▸ **Work order**: An exact copy is needed of the lines from the line holding "feels truly premium." through the final line of the listing below, both included.

▸ **Exercise input**:

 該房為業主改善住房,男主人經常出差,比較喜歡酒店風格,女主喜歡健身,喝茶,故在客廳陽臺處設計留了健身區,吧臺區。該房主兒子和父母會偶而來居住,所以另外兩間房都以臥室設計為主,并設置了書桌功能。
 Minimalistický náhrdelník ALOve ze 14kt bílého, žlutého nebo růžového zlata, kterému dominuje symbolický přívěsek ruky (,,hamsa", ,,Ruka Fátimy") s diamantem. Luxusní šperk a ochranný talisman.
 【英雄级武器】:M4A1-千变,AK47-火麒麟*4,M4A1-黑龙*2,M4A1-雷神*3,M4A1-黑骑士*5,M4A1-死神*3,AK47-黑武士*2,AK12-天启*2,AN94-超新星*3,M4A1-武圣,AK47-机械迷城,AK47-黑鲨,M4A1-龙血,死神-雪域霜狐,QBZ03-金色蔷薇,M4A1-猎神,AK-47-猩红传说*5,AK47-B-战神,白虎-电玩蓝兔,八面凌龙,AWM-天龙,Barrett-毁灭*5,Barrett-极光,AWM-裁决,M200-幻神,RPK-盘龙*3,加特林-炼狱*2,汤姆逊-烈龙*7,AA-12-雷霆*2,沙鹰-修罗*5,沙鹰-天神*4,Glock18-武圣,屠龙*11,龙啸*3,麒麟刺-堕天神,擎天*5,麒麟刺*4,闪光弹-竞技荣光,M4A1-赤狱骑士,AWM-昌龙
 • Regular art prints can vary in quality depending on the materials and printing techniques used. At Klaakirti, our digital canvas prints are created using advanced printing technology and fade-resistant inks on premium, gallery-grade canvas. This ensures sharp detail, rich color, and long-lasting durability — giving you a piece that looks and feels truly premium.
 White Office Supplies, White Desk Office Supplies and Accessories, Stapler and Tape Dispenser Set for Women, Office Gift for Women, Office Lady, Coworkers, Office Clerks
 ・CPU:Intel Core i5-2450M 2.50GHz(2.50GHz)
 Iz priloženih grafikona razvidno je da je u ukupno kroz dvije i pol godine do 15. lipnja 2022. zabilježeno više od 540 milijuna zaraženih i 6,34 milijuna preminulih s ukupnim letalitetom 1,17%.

▸ **Exercise solution**:
 • Regular art prints can vary in quality depending on the materials and printing techniques used. At Klaakirti, our digital canvas prints are created using advanced printing technology and fade-resistant inks on premium, gallery-grade canvas. This ensures sharp detail, rich color, and long-lasting durability — giving you a piece that looks and feels truly premium.
 White Office Supplies, White Desk Office Supplies and Accessories, Stapler and Tape Dispenser Set for Women, Office Gift for Women, Office Lady, Coworkers, Office Clerks
 ・CPU:Intel Core i5-2450M 2.50GHz(2.50GHz)
 Iz priloženih grafikona razvidno je da je u ukupno kroz dvije i pol godine do 15. lipnja 2022. zabilježeno više od 540 milijuna zaraženih i 6,34 milijuna preminulih s ukupnim letalitetom 1,17%.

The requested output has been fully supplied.